Even though the use of S wave attenuation may be largely useful for reservoir characterization, the difficulty of its extraction from field data makes the most in situ attenuation studies to be based on only P waves. The high heterogeneous nature of carbonate rocks increases the difficulties of the extraction of shear waves. The few seismic in situ attenuation studies carried out in carbonates rocks were mainly based on P waves [e.g., Bouchaala et al. 2016b, 2014]. The S wave attenuation in carbonate rocks is usually estimated either from sonic waveforms [e.g., Bouchaala et al. 2019a; Matsushima et al. 2018] or in laboratory at ultrasonic frequencies [e.g., Adam et al. 2009; Assefa et al. 1999], because in both cases S waves are generated and recorded separately from P waves. Bouchaala et al. [2016a] studied the attenuation of a carbonate reservoir in Abu Dhabi. They noticed a high dispersion of the values of the fast and slow sonic shear waves ratio (QS2∕QS1) with depth in highly fractured zones, and small dispersion in slightly fractured zones. Adam et al. [2009] calculated and from five carbonate samples with different petrophysical properties. Curiously and in contrast to most of sandstone observations, they found that QS∕QP > 1 in dry and fully saturated media, and QS∕QP < 1 in partially saturated media. They also reported a compressional attenuation increase of 250% after the substitution of brine by light hydrocarbon in the samples. Therefore, including shear waves in the in situ attenuation studies of Abu Dhabi carbonate reservoirs may help in providing clear-sightedness on the magnitude of QS∕QP and its dependence on petrophysical properties of the reservoir zones.
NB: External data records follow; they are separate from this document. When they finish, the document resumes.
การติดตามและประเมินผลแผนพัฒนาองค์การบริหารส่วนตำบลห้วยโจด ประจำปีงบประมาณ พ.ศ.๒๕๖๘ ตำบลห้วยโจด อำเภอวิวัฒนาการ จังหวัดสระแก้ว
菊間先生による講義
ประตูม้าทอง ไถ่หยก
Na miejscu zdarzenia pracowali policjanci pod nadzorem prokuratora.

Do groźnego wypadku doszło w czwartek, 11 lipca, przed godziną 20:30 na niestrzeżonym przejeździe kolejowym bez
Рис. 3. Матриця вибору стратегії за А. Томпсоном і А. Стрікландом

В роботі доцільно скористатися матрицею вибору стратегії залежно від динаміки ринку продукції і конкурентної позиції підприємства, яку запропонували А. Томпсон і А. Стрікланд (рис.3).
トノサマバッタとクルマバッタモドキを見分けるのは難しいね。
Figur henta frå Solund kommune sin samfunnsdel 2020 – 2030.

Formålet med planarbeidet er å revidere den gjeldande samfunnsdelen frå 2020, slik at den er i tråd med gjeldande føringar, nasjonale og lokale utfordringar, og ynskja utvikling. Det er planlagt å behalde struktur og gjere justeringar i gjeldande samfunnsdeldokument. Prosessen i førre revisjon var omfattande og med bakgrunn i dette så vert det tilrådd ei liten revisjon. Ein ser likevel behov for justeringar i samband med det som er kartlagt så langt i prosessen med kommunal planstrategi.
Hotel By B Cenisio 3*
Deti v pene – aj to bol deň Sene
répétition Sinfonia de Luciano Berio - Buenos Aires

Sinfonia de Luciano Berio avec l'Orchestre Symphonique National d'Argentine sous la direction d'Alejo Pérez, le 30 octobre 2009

The aim of this study is to estimate attenuation from downgoing P and S waves that are properly extracted from three-component (3C) vertical seismic profiling (VSP) data acquired over an offshore Abu Dhabi oilfield. For a proper extraction of P and S waves, the 3C raw VSP data were carefully processed by trying to preserve the amplitudes as much as possible, then rotated in order to maximize the shear energy. After that, wavefields were separated to produce four independent wavefields: downgoing P, downgoing S, upgoing P, and upgoing S. We applied the spectral ratio method [Bath 1974; McDonal et al. 1958] to estimate QP and QS from the downgoing waveforms. Furthermore, we estimated compressional and shear sonic attenuations, which permits the investigation of frequency dependence of attenuation.
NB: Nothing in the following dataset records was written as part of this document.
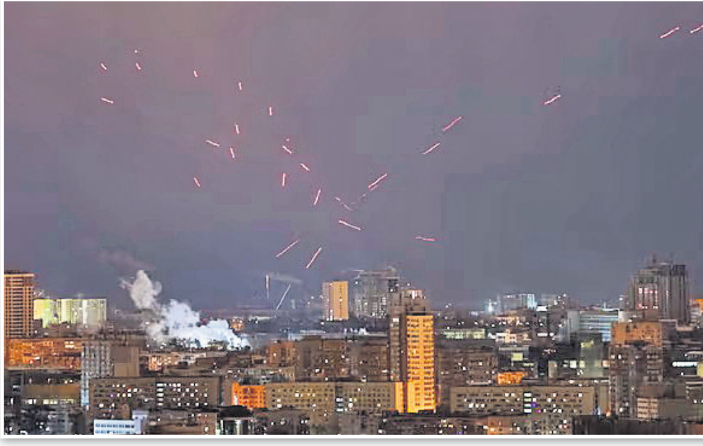
କିଭରେ ଡ୍ରୋନ୍ ଆକ୍ରମଣକୁ ପ୍ରତିହତ କରିଛନ୍ତି ୟୁକ୍ରେନୀୟ ସୈନ୍ୟ।

ପଶ୍ଚିମ ଆଫ୍ରିକୀୟ ଦେଶଗୁଡ଼ିକୁ ରପ୍ତାନି ହେଉଥିବା ଯନ୍ତ୍ରଣା ଉପଶମକାରୀ ଔଷଧରେ ଅଣଅନୁମୋଦିତ କମିନେଶନ (ନିଶ୍ଚଳ) ଯୋଗୁଁ ସେଠାରେ ଓପିଓଇଡ୍ ସଙ୍କଟ ବଢ଼ାଉଥିବା ଖବର ପ୍ରକାଶ ପାଇଥିଲା। ଫଳରେ ଗାସପିଆଡୋଲ୍ ଏବଂ କାରିସୋପ୍ରୋଡୋଲ୍ ଔଷଧର ସମସ୍ତ କମିନେଶନର ଉପାଦାନ ଓ ରପ୍ତାନିକୁ ଭାରତର ଔଷଧ ମହାନିୟନ୍ତ୍ରକ (ଡିସିଜିଆଇ) ବନ୍ଦ କରିଛନ୍ତି। ସମସ୍ତ ରପ୍ତାନି ଫେରାଇଆଣିବା ସହ ୨ ଔଷଧର ନିକଟ ଉପାଦାନ ପାଇଁ ଅନୁମତି ପ୍ରତ୍ୟାହାର କରିନେବାକୁ ଡିସିଜିଆଇ ରାଜ୍ୟ ଓ କେନ୍ଦ୍ରଶାସିତ ଅଞ୍ଚଳଗୁଡ଼ିକର ଔଷଧ ନିୟନ୍ତ୍ରକ କର୍ତ୍ତୃପକ୍ଷକୁ ନିର୍ଦ୍ଦେଶ ଦେଇଛନ୍ତି।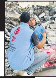
GAZZE'YE 100 TON YARDIM GÖNDERECEK

Ankara Filistin Dayanışma Platformu üyeleri, Filistin Halkıyla Uluslararası Dayanışma Günü' dolayısıyla Ahmet Hamdi Aksoy Caddesi'nde cuma namazı sonrası İsrail'i protesto etti.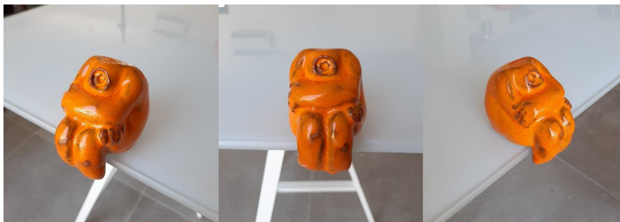
Sjedeća figura, 2020., glazirana keramika (crvena glina)

2. Study area and field data
The oilfield is an east–west plunging anticline, located in offshore Abu Dhabi, United Arab Emirates (UAE). The oilfield is characterized by gentle dips with steepest dips occurring in the north and northeast where the average dip is about 2.5°. The stratigraphy of the oilfield is mostly made of carbonates of Mesozoic–Cenozoic in age. The reservoir zones are made of stacked sections of porous, shallow water carbonates of the Lower Cretaceous Thamama Group. The studied reservoirs are divided into three zones: TH1, TH2, and TH3. The average reservoir porosity ranges from 10 to 25% and the permeability from 10 to 100 md. Fractures have been reported in TH1 and TH3 [Edwards et al. 2006; Skeith et al. 2015]. These fractures generally occur at the boundaries of dense zones and reservoir units [Shekhar et al. 2017].
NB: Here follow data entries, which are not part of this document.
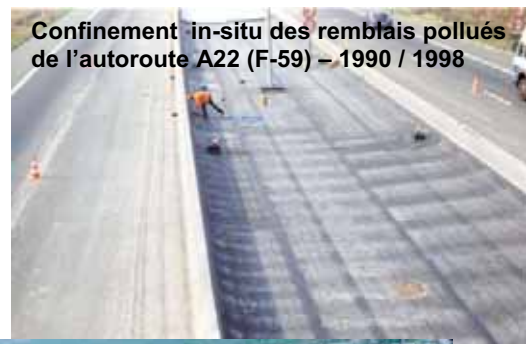
Confinement in-situ des remblais pollués de l'autoroute A22 (F-59) - 1990 / 1998

Empêcher la dissémination des pollutions par les eaux pluviales : COLETANCHE est couramment utilisé pour protéger des dépôts de déchets industriels (chromates, potasse), couvrir des terrils en fin d'activité ou des centres de stockages de déchets, et même assurer le confinement de déchets nucléaires à faible activité.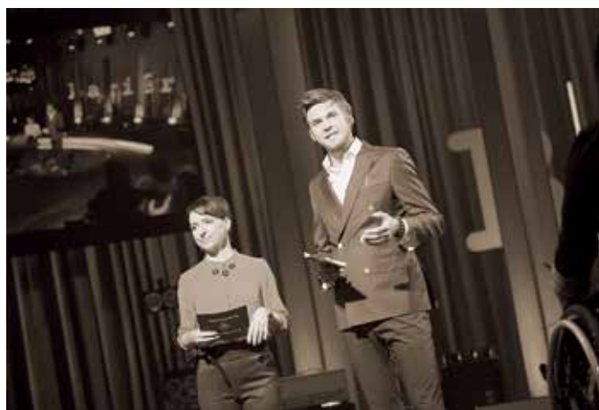
Pomahejs s humorem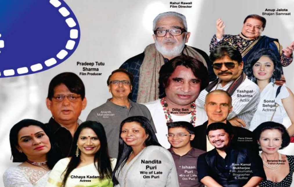
Rahul Rawail Film Director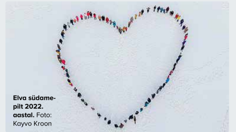
Elva südamepilt 2022. aastal.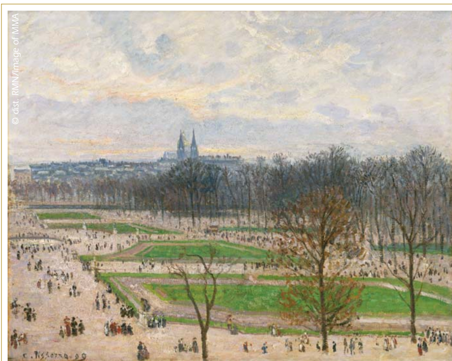
Créés au XIX e siècle, ou d'origine plus ancienne comme les Tuileries, les parcs urbains ouverts au public inspirent volontiers les artistes (Camille Pissarro, Le Jardin des Tuileries un après-midi d'hiver, New-York, The Metropolitan Museum of Art).

Apparus à l'époque du Second Empire, les jardins publics, en revanche, deviennent très vite une source d'inspiration importante. Lieux de rencontre mais aussi espaces de diversité où se côtoient ouvriers et bourgeois, enfants et personnes âgées, familles et individus solitaires, ils captivent nombre d'artistes qui tentent d'en traduire les atmosphères subtiles et contrastées. Du Jardin des Tuileries de Camille Pissarro au parc Monceau peint par Claude Monet en passant par le square Vintimille qui inspire à Édouard Vuillard (habitant alors rue de Calais, à proximité) plusieurs tableaux, les exemples se multiplient. L'un des plus connus reste sans doute, du même Vuillard, l'ensemble en cinq panneaux intitulé Jardins publics destiné à décorer la salle à manger d'Alexandre Natanson, fondateur de la Revue Blanche .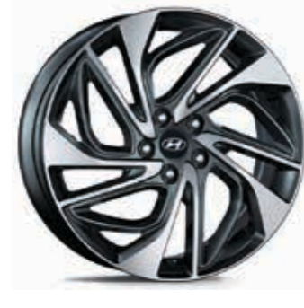
19" alaşımli jant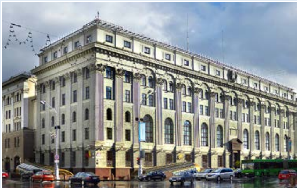
Национальный банк Республики Беларусь Административное здание

The 3C 3D VSP data were acquired with a maximum source offset of 3000 m from the wellhead. Seventy receivers were placed 20 m apart in the wellbore to record the data generated by 18047 shots with average shot spacing of 25 m (Figure 1). Due to weather conditions and obstacles such as platforms, the survey geometry was not shot regularly as originally planned, though its coverage is very good. The extracted shots at near (200 m), middle (1050 m), and far (2500 m) offsets (Figure 2) show that the overall data quality is good except at far offset, in the depth range of 1145–1525 m (receivers 1–20) and at the depth of 1705 m (receiver 29). Furthermore, receiver 60 at the depth of 2325 m did not record any data (Figure 2).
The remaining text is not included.